++++ Material supplied
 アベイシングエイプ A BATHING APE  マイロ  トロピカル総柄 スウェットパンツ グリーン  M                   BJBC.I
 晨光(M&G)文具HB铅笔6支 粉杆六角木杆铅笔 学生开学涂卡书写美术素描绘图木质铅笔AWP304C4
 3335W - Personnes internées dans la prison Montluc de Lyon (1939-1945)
++++++++
++++ Material supplied
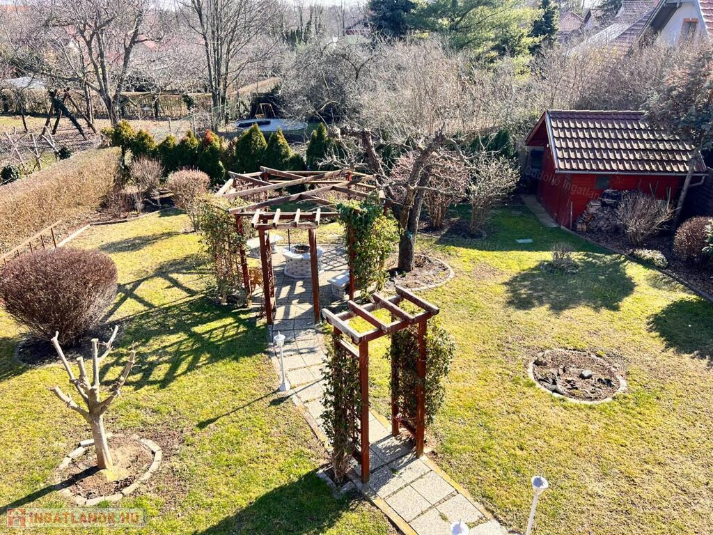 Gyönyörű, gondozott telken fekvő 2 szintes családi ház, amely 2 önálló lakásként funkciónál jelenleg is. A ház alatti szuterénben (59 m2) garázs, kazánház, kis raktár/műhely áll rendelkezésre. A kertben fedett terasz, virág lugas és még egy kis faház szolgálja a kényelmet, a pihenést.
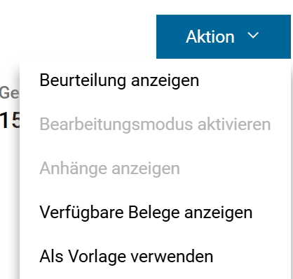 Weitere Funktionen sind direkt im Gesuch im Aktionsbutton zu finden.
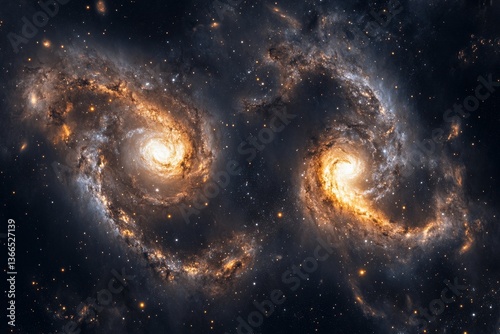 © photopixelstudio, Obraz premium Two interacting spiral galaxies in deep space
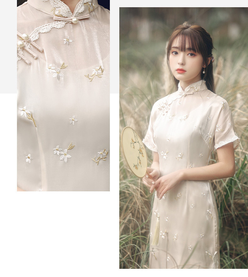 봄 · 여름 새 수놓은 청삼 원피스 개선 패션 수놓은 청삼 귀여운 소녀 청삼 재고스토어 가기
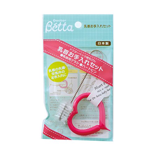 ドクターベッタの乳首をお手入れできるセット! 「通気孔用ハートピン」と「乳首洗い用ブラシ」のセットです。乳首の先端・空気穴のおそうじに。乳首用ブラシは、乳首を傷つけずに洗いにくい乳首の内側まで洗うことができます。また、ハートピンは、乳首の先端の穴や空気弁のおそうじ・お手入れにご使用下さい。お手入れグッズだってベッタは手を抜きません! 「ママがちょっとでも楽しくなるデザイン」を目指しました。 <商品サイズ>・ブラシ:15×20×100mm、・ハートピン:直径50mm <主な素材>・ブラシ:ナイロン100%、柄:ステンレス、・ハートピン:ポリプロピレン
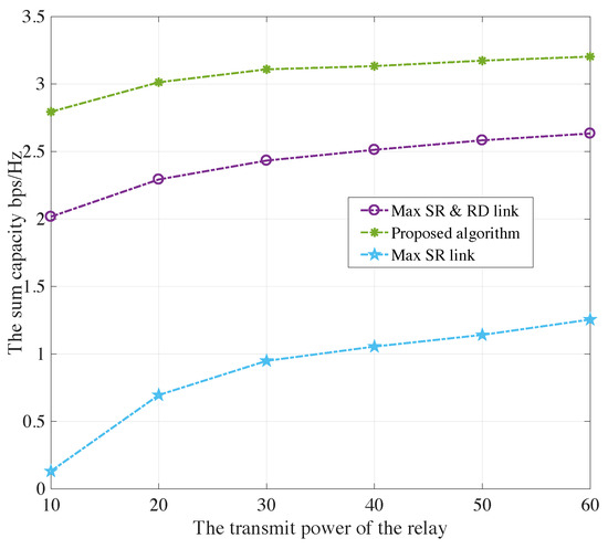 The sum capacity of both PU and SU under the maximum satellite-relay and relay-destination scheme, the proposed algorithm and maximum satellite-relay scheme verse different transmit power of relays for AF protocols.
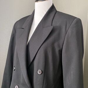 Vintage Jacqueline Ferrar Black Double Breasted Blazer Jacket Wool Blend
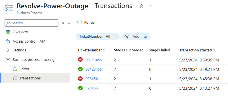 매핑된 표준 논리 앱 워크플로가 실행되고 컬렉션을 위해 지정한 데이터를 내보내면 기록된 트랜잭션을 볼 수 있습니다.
++++++++
### [Goal of the exercise]
Give again, exactly as written above, each line from the one that has "Weitere Funktionen sind" to the one that has "봄 · 여름 새 수놓은", both included; omit the pictures.

### [Solution to this task]
 Weitere Funktionen sind direkt im Gesuch im Aktionsbutton zu finden.
 © photopixelstudio, Obraz premium Two interacting spiral galaxies in deep space
 봄 · 여름 새 수놓은 청삼 원피스 개선 패션 수놓은 청삼 귀여운 소녀 청삼 재고스토어 가기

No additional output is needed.